Christianity & the living Earth

Paul Mackin paul.mackin at verizon.net
Tue Jun 26 06:23:48 CDT 2001


I guess I should try harder to curb myself with regard to the ideas and
recommended websites of fellow p-listers and don't discount completely the
generational factor at work here. Was reminded of what Gore Vidal said in
the Plastic Fiction piece about Pynchon pandering to a God hungry youth,
which I though was unfair to P but still accurate about segments of the 70s
generation. At least Pynchon's excursions into nature religion and Mother
Earth worship are well written, poetic, esthetically pleasing and always
witty.
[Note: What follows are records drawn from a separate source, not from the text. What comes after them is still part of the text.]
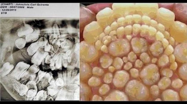 ஓடோன்டோமஸ்! ஓடோன்டோமஸ் (Odontomas) என்ற பிரச்சனையால் தான் இந்த சிறுவன் பாதிக்கப்பட்டிருந்தான். இது ஏனோதானோவென்று பற்கள் போன்ற கட்டிகள் வளரும் பாதிப்பு. இது மஞ்சள் நிற திசு மேற்பரப்புடன் காணப்படுகிறது. இதனால், இது பற்கள் போன்ற தோற்றமளிக்கும்.
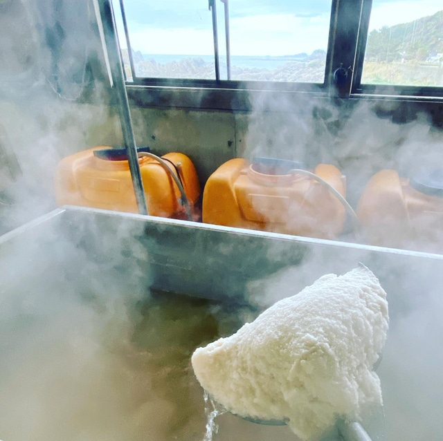 2019年に移住し、釜⼾も⼀から⼿作り、⼭海の恵みが詰まった豊かな海⽔を濾過し、丁寧に薪⽕で焚き上げています。
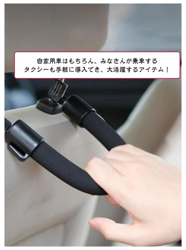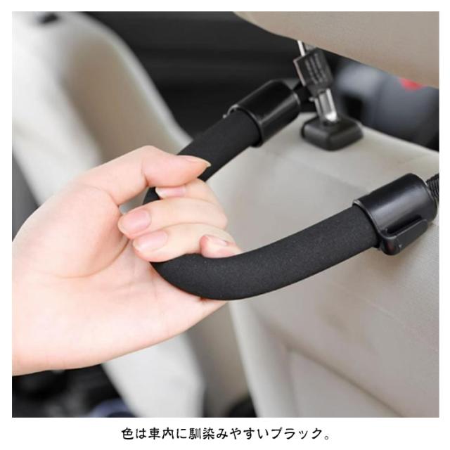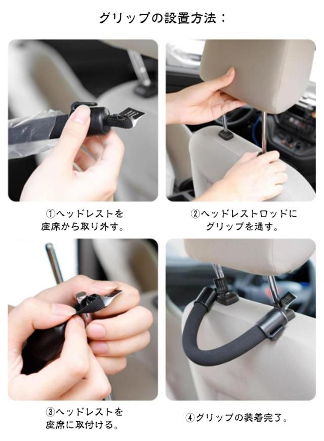 | 車への乗り降りをサポートしてくれる車用のアシストグリップです。2個セット ヘッドレストを外して取り付けるだけで、工具不要で1分で取り付けができます。 色は車内に馴染みやすいブラック。 スタイリッシュなので車内に溶け込み、車内の見た目を損ないません。 自家用車はもちろん、みなさんが乗車するタクシーも手軽に導入でき、大活躍するアイテム! グリップ部分は滑りにくいEVA素材を使用しており柔らかな手触りで滑りにくく、掴みやすい構造です。 左右には、ビニール袋の荷物がかけられる便利なフック付き、 フックはABS製で、高強度、変形しにくい、耐久性、耐摩耗性、耐高温性、耐腐食性など。 傘や買い物袋などをかけておくことができます。 車の乗り降りの際につかむことで、体の揺れや不安定さを効果的に軽くし、快適性と安定性を向上させます。 お子様やご高齢の方、妊婦の方など乗り降りが負担に感じる方、車高の高い車に乗っておられる方にも便利です。 グリップの設置方法:1.ヘッドレストを座席から取り外す。2.ヘッドレストロッドにグリップを通す。3.ヘッドレストを座席に取付ける。4.グリップの装着完了。 | |

Including the treatment of Teilhard.

By the way one of my close friends (close in age too) is a sun worshipper
and not in the tanning sense.

 Determined to try harder.

                 P.


----- Original Message -----
From: "Doug Millison" <DMillison at ftmg.net>
To: <pynchon-l at waste.org>
Sent: Monday, June 25, 2001 5:48 PM
Subject: RE: Christianity & the living Earth


> A serious dialogue between science and religion is underway, despite the
> occasional typographical error that might show up here or there.  This
> dialogue often poses a challenge for people who came of age prior to
WWII --
> my 78-year-old father is a good example -- but worth learning from all the
> same.
>
> You might even say that such a dialogue is made possible in part by the
work
> of people like Pynchon, who have tried to bridge the gap between science
and
> fuzzier studies (the gap Pynchon addresses in his Is It OK to be a
Luddite?
> essay).
>
>
> Mackin:
> It's what happens when you quote someone from the California Institute of
> Integral Studies rather than the California Institute of Technology.